Ну и обнял он меня, расцеловал, пригласил к себе домой, стол накрыл тыщ на десять. Жахнули мы с ним коньячку, закусили колбаской копчёной, и говорит мне Петрович:
- Оставайся у меня, Санёк, жить! Я тебя главным инженером над этими олухами с дипломами поставлю, и зарплату сто тыщ положу!
А я ему:
- Спасибо, Петрович, не надо, давай-ка лучше ещё по одной жахнем да колбаской закусим, хороша уж больно, и огурчики солёные.
Выпили мы с ним, закусили.
И говорит мне Петрович:
- Давай-ка, Санёк, я тебе моторчик «Кавасаки» мотоциклетный, сто лошадиных сил, на тележку твою приделаю.
А я ему:
- Не надо, Петрович, больно много бензина жрёт. У меня уже стоял такой.
А он достаёт пятьдесят тыщ и говорит:
- Держи, Санёк, заработал! Куда тебя, Санёк, отвезти?
А я ему:
- Отвези меня, Петрович, в центральный ресторан, что рядом с пятизвёздочной гостиницей.
Сели мы в его «Мерседес» шестисотый и едем.
Вдруг смотрю – девушка на лавочке, красивая такая, на протезах, сидит и плачет.
Говорю:
- Тормози, Петрович!
Пересел на свою тележку – и к ней.
Да! Позабыл сказать. Петрович мне подарил костюм – серый в яблоках.
Подъехал я к ней и спрашиваю:
- Чего, красавица, плачешь?
А она:
- Протез у меня сломался, а в мастерской большие деньги просят.
Починил я ей тут же протез.
А она:
- Поехали со мной в Сочи, вилла у меня там с видом на море, будем вместе жить.
Отказался я, дал ей сорок девять тыщ и на вокзал проводил.
Обняла она меня на прощание и заплакала…
Тут уже все хохотали, и Санёк не выдерживал и тоже хохотал. Хохотали до слёз, некоторые уже рыдали. Прибежал администратор и шёпотом заорал:
- Вы что тут устроили!!! А ну, сейчас же спать!!! Я на вас напишу докладную!!!
Все моментально успокаивались и вскоре засыпали. Все, кроме меня и Шумахера.
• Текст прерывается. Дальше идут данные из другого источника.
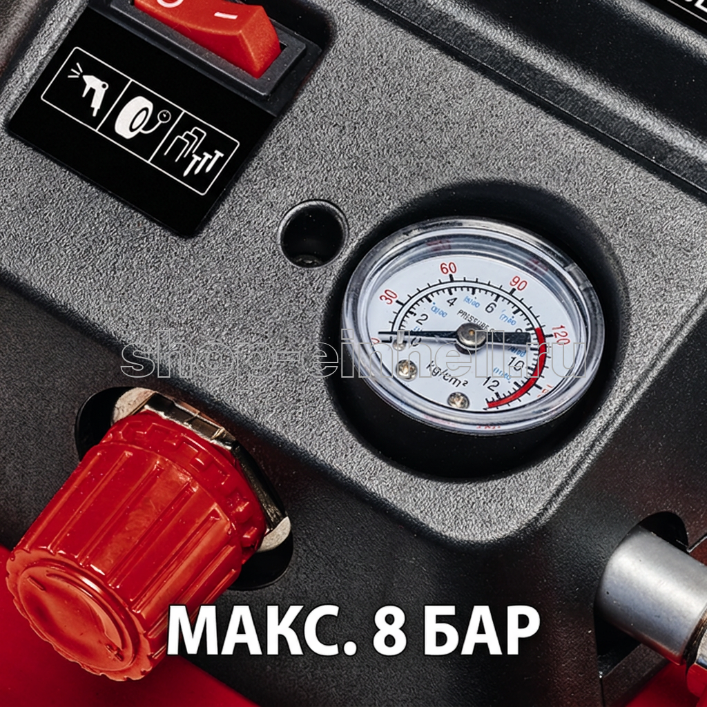 Аккумуляторный компрессор Einhell TE-AC 36/6/8 Li OF Set можно использовать для различных целей. Компрессор оснащен резервуаром на 6 л и работает от аккумуляторных батарей PXC, которые можно использовать со всеми изделиями этой серии. Электродвигатель не содержит масла и не требует технического обслуживания. Регулятор давления обеспечивает настройку нагнетания давления до 8 бар. В комплект входит манометр и быстроразъемная муфта для регулируемого рабочего давления. Эргономичность благодаря ручке, конструкции и вибропоглощающим ножкам, простое обслуживание обеспечивается сливным краном. Защита пользователя обеспечивается предохранительным клапаном. Компрессор поставляется в комплекте с продувочным пистолетом, шинным манометром и набором переходников в количестве 8 шт., а также матерчатым шлангом длиной 2,5 м. На резервуар предоставляется 10-летняя гарантия от компании Einhell. Компрессор поставляется без аккумулятора и зарядного устройства.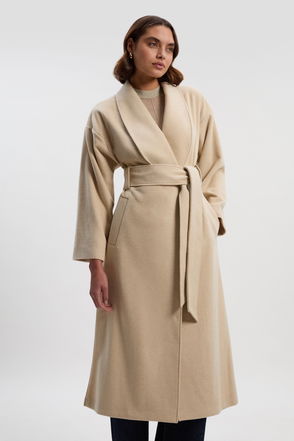 This wool coat looks just as good as anything underneath. Accented by a chunky metal d-ring belt (that’ll effortlessly cinch you in), the piece is lightly structured for an ultra-flattering silhouette. Detailed with a notched double lapel, the top stitching also adds a luxurious touch.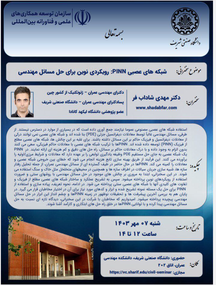سخنرانی علمی سخنرانی علمی در دانشکده مهندسی عمران روز شنبه، هفتم مهر، سخنرانی علمی با موضوع "شبکههای عصبی PINN: رویکردی نوین برای حل مسائل مهندسی" توسط آقای دکتر مهدی شادابفر عضو پژوهشی دانشگاه...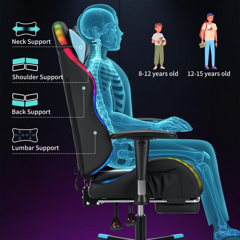 LED Gaming Chair for Kids (Ages 8–15)

Ночь для нас была пыткой… Нас объединяла боль.
Я лежал на спине и смотрел в потолок, на противопожарный датчик, который находился прямо надо мной. На датчике периодически вспыхивала на доли секунды маленькая красная лампочка. Я лежал и считал от одного до двадцати одного, стараясь уложиться в такт, где вспышка была чертой. Мне удавалось. Я закрывал глаза, чтобы открыть их на цифре двадцать один. Попал! Снова счёт. Попал! И снова. И так часами. Я ждал удачи от цифры двадцать один – это было заклинание.
Санёк периодически поднимался, и, сидя на постели, раскачивался, как старый еврей на молитве, обняв свою культю.
- Господи… Господи… За что, за что? – сквозь храпы и сипы доносился до меня его еле слышный шёпот.
Он озирался по сторонам – не увидел ли кто его слабость, и опять шептал:
- За что меня так? За что? Господи?
Тут уже я не выдерживал нудного однообразного лежания на спине, сопровождаемого ноющими болями, принимался громко крыть свою ногу матом, как будто это было отдельно от меня живущее существо-паразит, целью которого было сведение меня с ума. Я осторожно поворачивался на правый бок и долго укладывал ногу – так, чтобы не болела. Через пять минут всё повторялось в обратном порядке – с бока на спину, в сопровождении трёхэтажного мата. Под утро забывался.
Просыпался я от стука Санкиной тележки. Он подъезжал и забирал из-под моей кровати электрический чайник – редкость в этих местах, символ достатка и роскоши. На весь первый, инвалидский этаж, их было два, один – мой.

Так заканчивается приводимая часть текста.